The NFT market rose to a crescendo this week with Beeple’s “First 5000 days” being sold for the equivalent of $69 million.

I’m in favor of any experimentation and innovation using blockchain tech. I think Bitcoin has the store-of-value problem covered, but I’m still looking forward to seeing which other projects in the blockchain space succeed to the same degree Bitcoin has, and which projects turn out to be more short-lived.

So I don’t have any particular objection per se to the wave of NFT sales we’ve been seeing; a free market is a free market after all, and without the same kind of early speculation, Bitcoin would never have grown the market it has today.

But I do have questions that I think need to be answered about how NFTs fundamentally work, before I’d personally venture into that space.

  1. What legal rights do you get?

If you purchase some physical artwork, typically it will be signed by the artist, the artwork will be authentic and verifiable by experts, and there will usually be some chain of custody you can trace back to the original artist.

NFTs solve the same problem for digital artwork in an interesting way, by transferring a hashed version of the artwork on a blockchain.
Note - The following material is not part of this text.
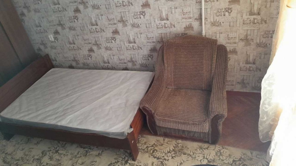 3 ліжка, 2 шафи, великий телевізор, кондиціонер, письмовий угловий стіл, килими, праска, 2 зручних офісних крісла. В квартирі є балкон на дві кімнати.
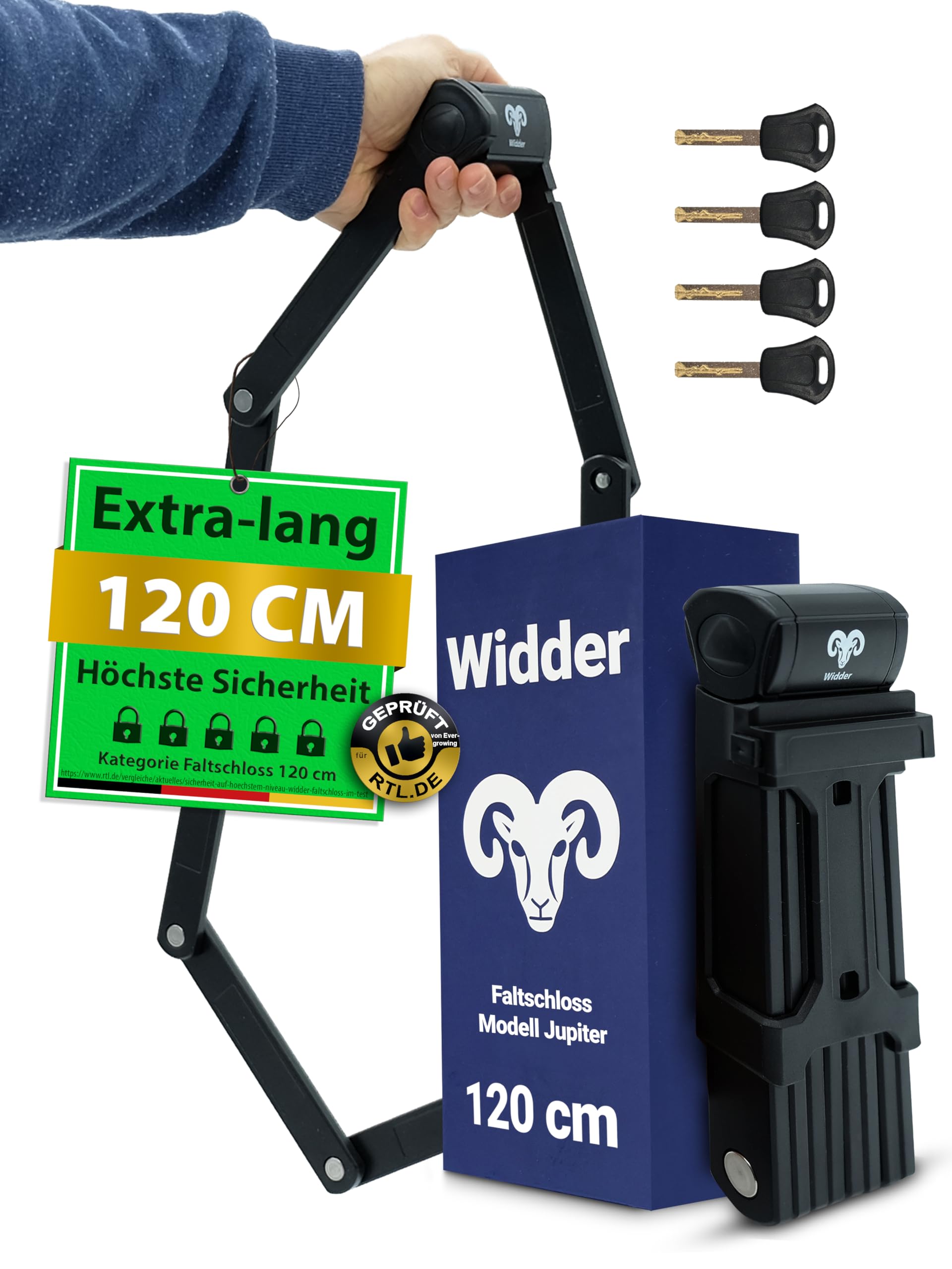 "STRONG ON THE WHEEL - Highest theft protection against bolt cutters, saws & hammers thanks to the special steel core in the link lock. Unlike other bicycle folding locks, the Widder folding lock of the Jupiter type offers extra bicycle theft protection. The foldable links are 25 x 8 mm wide - Power that works.

That removes the human element from the equation. You don’t need an expert to verify that this is indeed the same NFT created and signed by the original artist. That is proved beyond doubt by the blockchain.

With a physical piece of art, you get legal rights over it after a sale; like being able to re-sell the artwork, display it publicly for a profit, and so on. Just like any property, it’s yours to do with as you wish, within the bounds of the law.

What rights do NFTs give you? Sure, you can re-sell the NFT itself, but do you have any actual rights over the original artwork? So far, I haven’t heard any evidence to say you do, nor are the people buying NFTs vocally asking for any rights over the original artworks.

This is great for artists; I can sell a digital representation of the artwork, and I also get to keep the original, with which I can do whatever I like. The purchaser of the NFT gets, essentially, my signature, and little else.

It seems to me like NFT sales could easily come with an attached signed contract of sale, or licensing contract, which gives the buyer some legal rights over the original piece. If that digital contract can be upheld in the courts, that would be a fantastic use-case for blockchain tech.

But right now? If you’re buying an NFT and it’s not explicitly stated or agreed upon, you should assume you’re not getting the rights to anything except that digital signature.

2. What stops the artist from tokenizing on multiple blockchains?

This ties in to the first point. There are many blockchains with some form of smart contracts on which NFTs can be implemented. It’s even trivial to imagine how NFTs could be implemented in a round-about way on traditional blockchains, like that of Bitcoin.

So my question is: if the NFT doesn’t grant you the legal rights over the original, what prevents the artist from tokenizing their artwork on multiple blockchains, hoping to hedge against one chain falling from grace in future? How do buyers protect themselves from that possibility? Moreover, how would a buyer even know for sure they’re buying the first or only tokenized version of the artwork?

3. What stops the artist from tokenizing the same artwork multiple times on the same blockchain?

Let’s say Ethereum retains control of the majority of smart-contract use-cases until the end of time, and overshadows all other blockchains on which NFTs might be implemented.

What’s stopping an unscrupulous artist from tokenizing the same artwork multiple times on the same chain, as multiple NFTs, and selling it multiple times?

Sure, the artwork is hashed before it’s placed on the chain, which you might think makes it a unique signature. But in reality, changing a single pixel to a slightly different shade of color, or a single dimension, or even a single piece of metadata in the image file, will change the resulting hash.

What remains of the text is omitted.